=== Activity ===
When you copy the records that follow, please keep every word exactly as it is and leave out the pictures.

*** Provided records ***

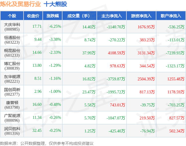 个股表现方面,炼化及贸易行业当日领跌股为大庆华科(000985),该股当日报收17.71,下跌6.25%,成交量14.4万,主力资金净流出1140.7万元。恒通股份(603223)以下跌3.38%紧随其后,该股当日成交量8.74万,主力资金净流出270.22万元。除此之外,桐昆股份(601233)、博汇股份(300839)、东华能源(002221)均进入当日熊股之列。具体个股列表见下表:
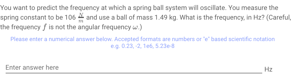 Solved You want to predict the frequency at which a spring | Chegg.com
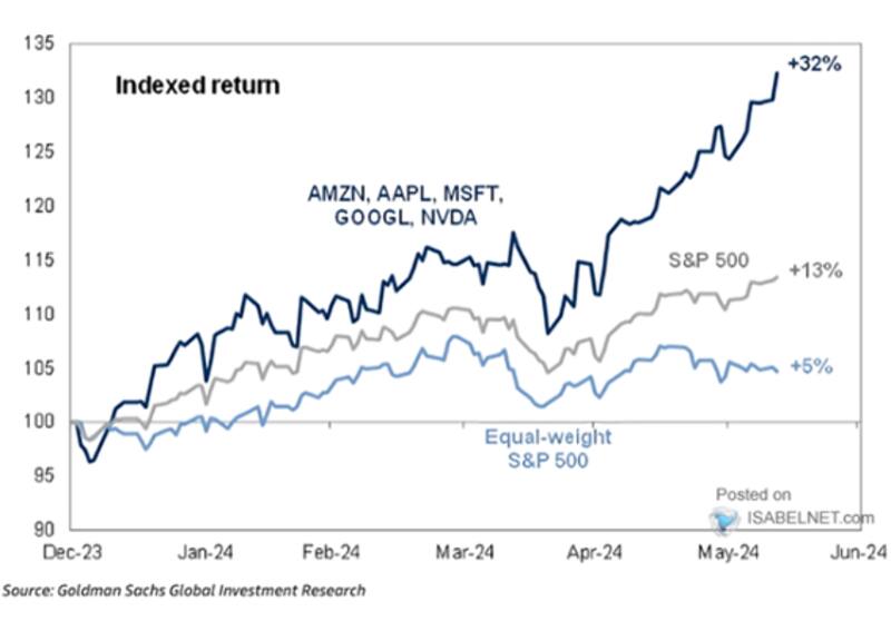 Esto significa que las acciones más importantes del índice están brindando un enorme impulso al rendimiento del S&P500.
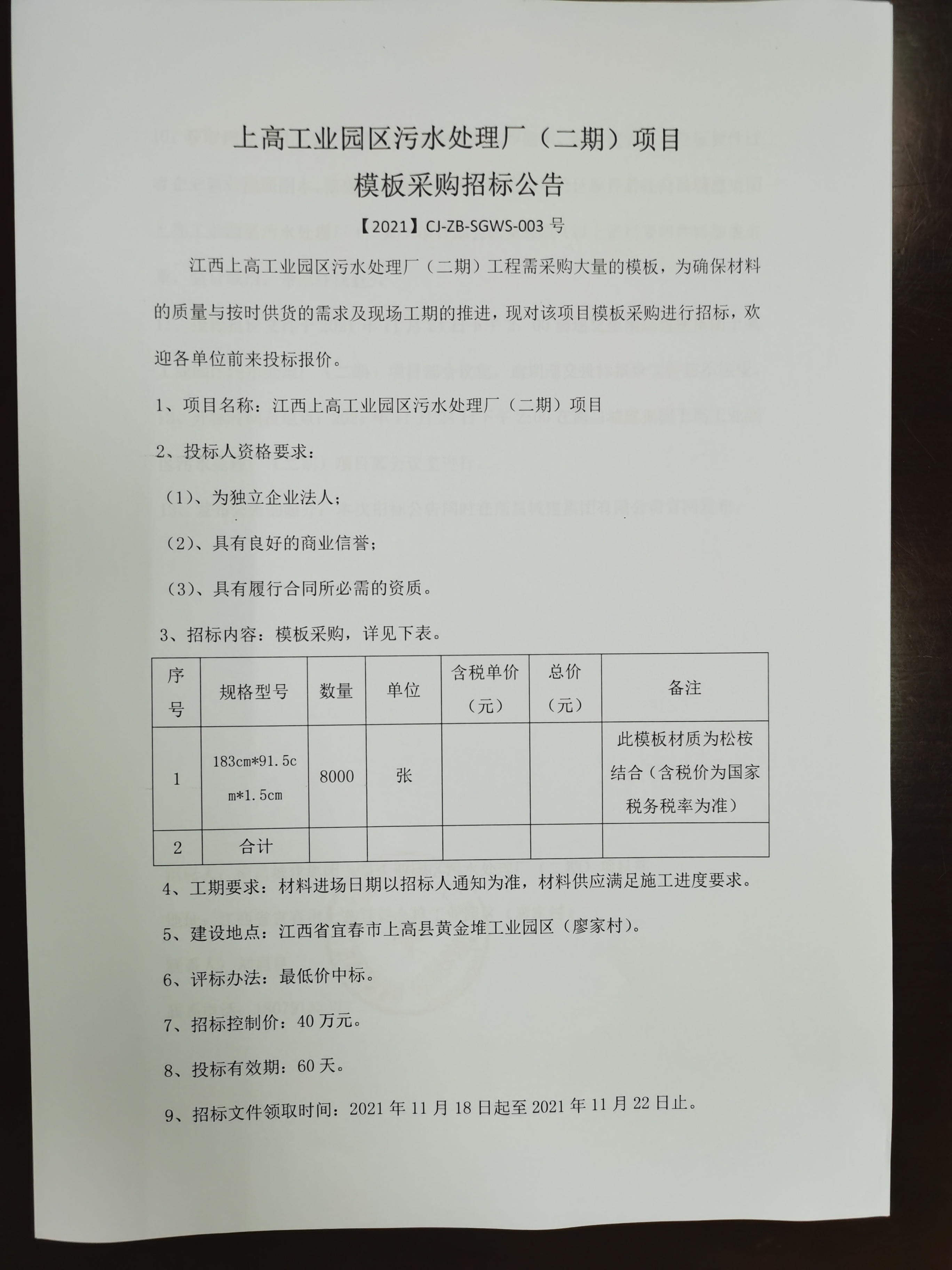 江西上高工业园区污水处理厂(二期)工程需采购大量的模板,为确保材料的质量与按时供货的需求及现场工期的推进,现对该项目模板采购进行招标,欢迎各单位前来投标报价。
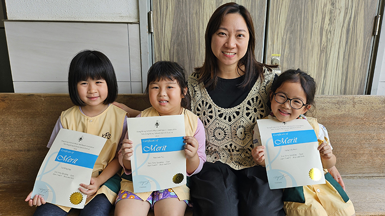 | ▲陳同學榮獲朗誦及音樂推廣協會主辦第十八屆全港學生公開朗誦比賽2025幼兒組K1普通話兒歌季軍。 |
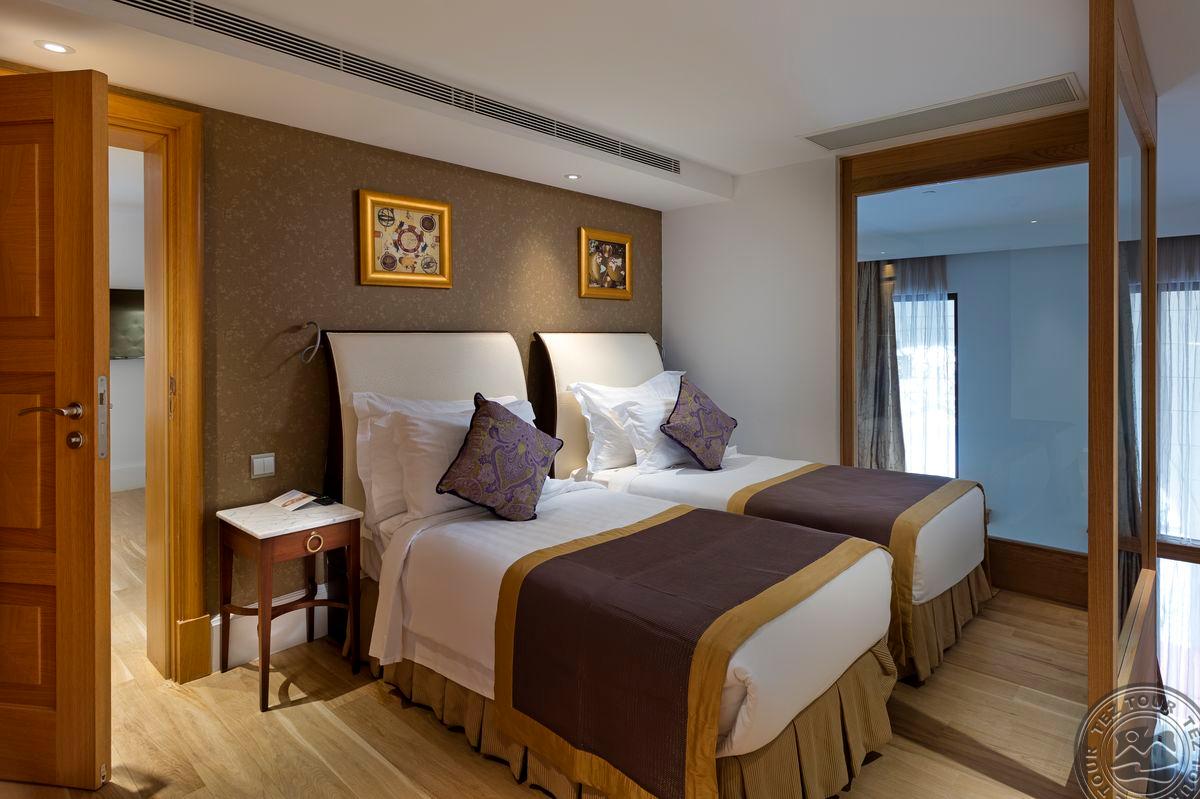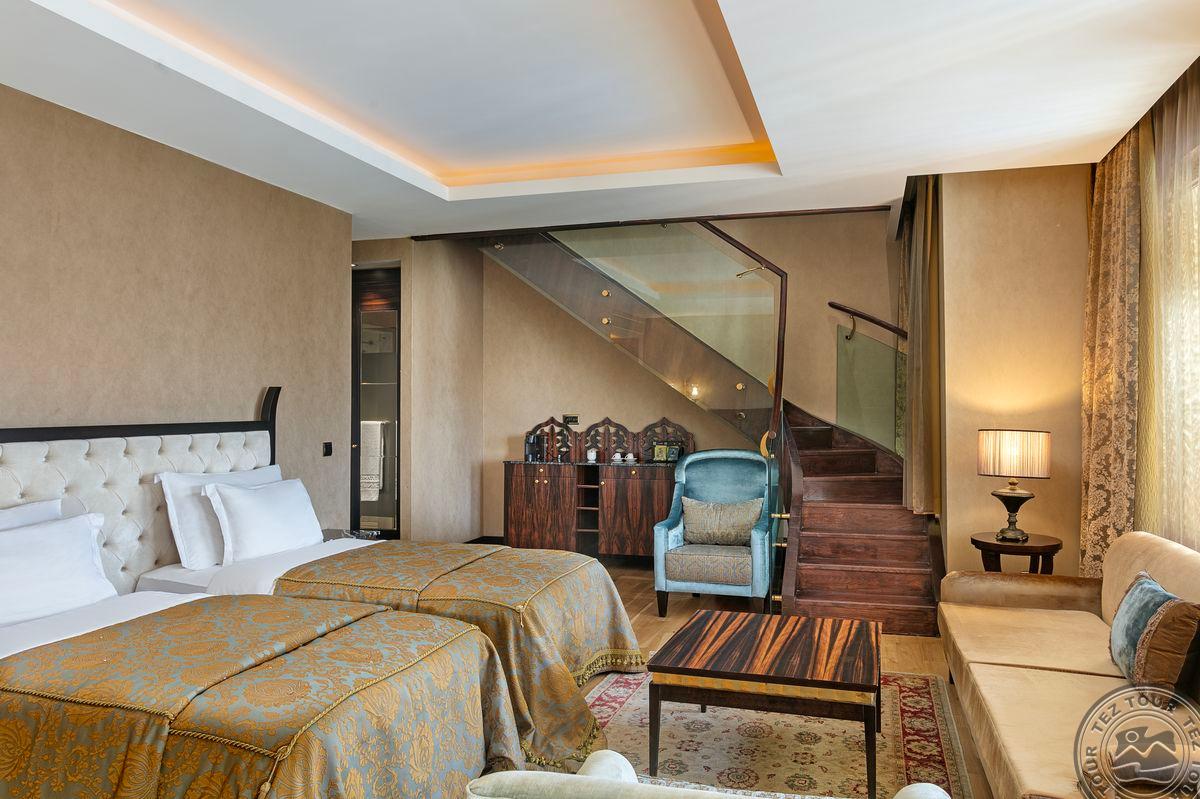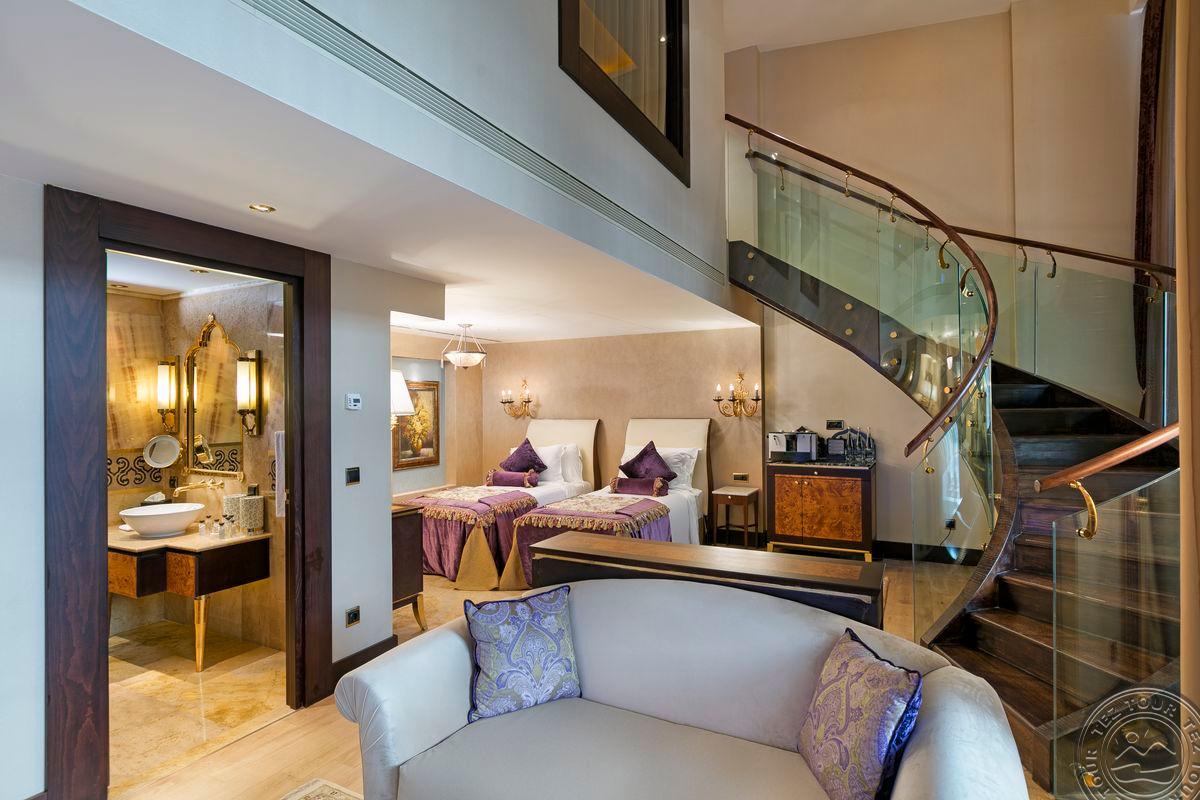 Grand duplex suite tipo numeriai (išsidėstę 5-me aukšte, antrame aukšte: miegamasis, sūkurinė vonia, svetainės zona; pirmame aukšte: 2 atskiros lovos, svetainė; maks. 5 asm. + kūdikis, 145 m2).
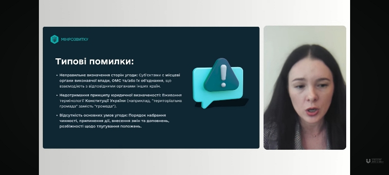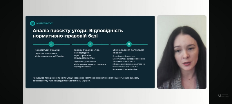 Захід був присвячений актуальним питанням укладення, оновлення та реєстрації міжнародних угод між муніципалітетами, зокрема у контексті співпраці з іноземними містами-партнерами. Учасники розглянули, як правильно оформити міжнародне партнерство згідно з чинними вимогами; що робити зі старими або неактивними угодами; як реєстрація угоди може стати запорукою для залучення державного фінансування; особливості звітності та нові ініціативи держави у цій сфері.
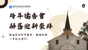 歡迎參加2026年新年聚會,期待新的一年與主同行! 時間:12月31日(週三)11:00 pm 回顧感恩 & 展望未來11:30 pm 跨年禱告會 & 辭舊迎新崇拜 地點:澳門基督教以馬內利教會
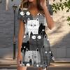 Sommermode Damen V-Ausschnitt Kurzarm Kitty Printed Kleid Sex Kurzer Rock Kleider
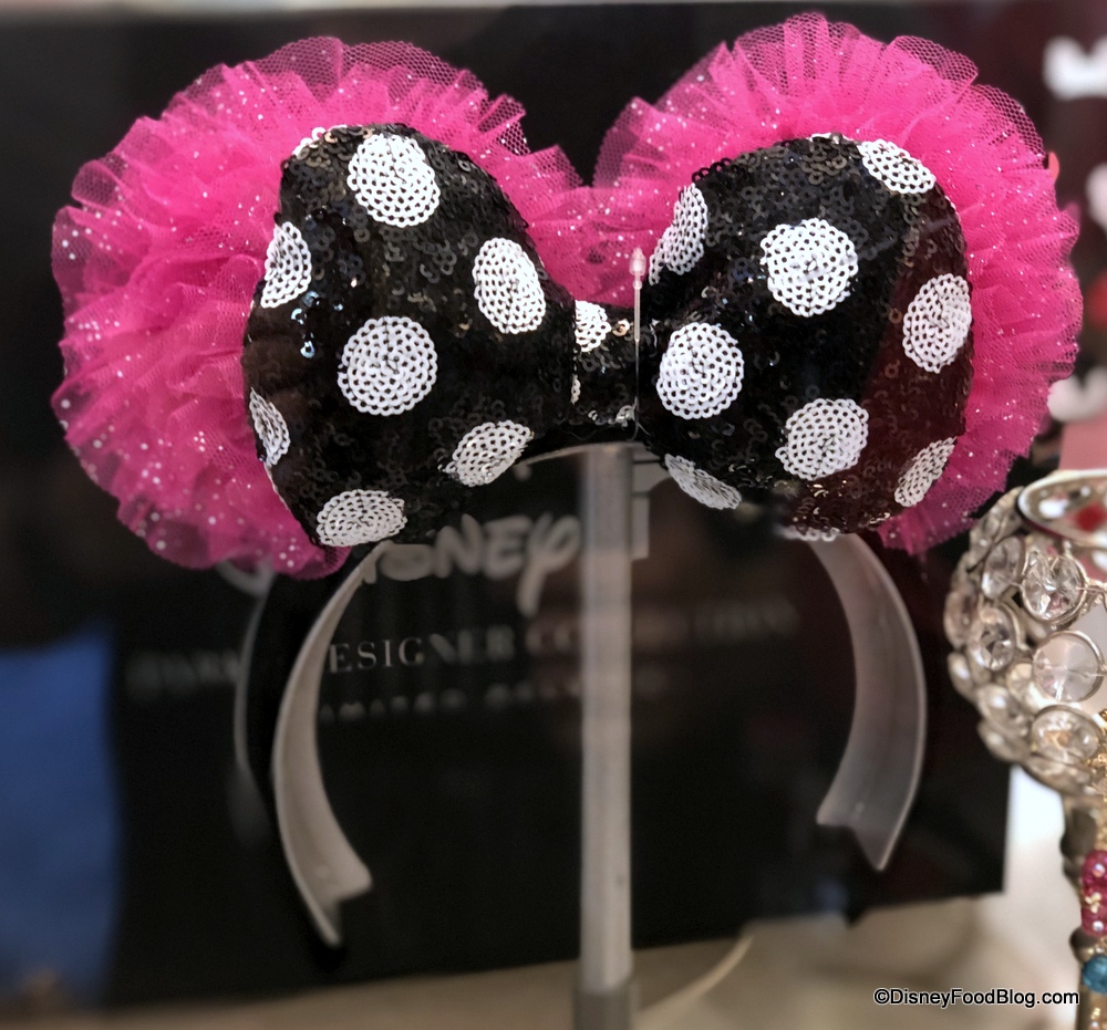 Sparkly pink tulle makes up the ears while a sequined black and white bow serves as the finishing touch.

***

=== Exercise answer ===
 个股表现方面,炼化及贸易行业当日领跌股为大庆华科(000985),该股当日报收17.71,下跌6.25%,成交量14.4万,主力资金净流出1140.7万元。恒通股份(603223)以下跌3.38%紧随其后,该股当日成交量8.74万,主力资金净流出270.22万元。除此之外,桐昆股份(601233)、博汇股份(300839)、东华能源(002221)均进入当日熊股之列。具体个股列表见下表:
 Solved You want to predict the frequency at which a spring | Chegg.com
 Esto significa que las acciones más importantes del índice están brindando un enorme impulso al rendimiento del S&P500.
 江西上高工业园区污水处理厂(二期)工程需采购大量的模板,为确保材料的质量与按时供货的需求及现场工期的推进,现对该项目模板采购进行招标,欢迎各单位前来投标报价。
 | ▲陳同學榮獲朗誦及音樂推廣協會主辦第十八屆全港學生公開朗誦比賽2025幼兒組K1普通話兒歌季軍。 |
 Grand duplex suite tipo numeriai (išsidėstę 5-me aukšte, antrame aukšte: miegamasis, sūkurinė vonia, svetainės zona; pirmame aukšte: 2 atskiros lovos, svetainė; maks. 5 asm. + kūdikis, 145 m2).
 Захід був присвячений актуальним питанням укладення, оновлення та реєстрації міжнародних угод між муніципалітетами, зокрема у контексті співпраці з іноземними містами-партнерами. Учасники розглянули, як правильно оформити міжнародне партнерство згідно з чинними вимогами; що робити зі старими або неактивними угодами; як реєстрація угоди може стати запорукою для залучення державного фінансування; особливості звітності та нові ініціативи держави у цій сфері.
 歡迎參加2026年新年聚會,期待新的一年與主同行! 時間:12月31日(週三)11:00 pm 回顧感恩 & 展望未來11:30 pm 跨年禱告會 & 辭舊迎新崇拜 地點:澳門基督教以馬內利教會
 Sommermode Damen V-Ausschnitt Kurzarm Kitty Printed Kleid Sex Kurzer Rock Kleider
 Sparkly pink tulle makes up the ears while a sequined black and white bow serves as the finishing touch.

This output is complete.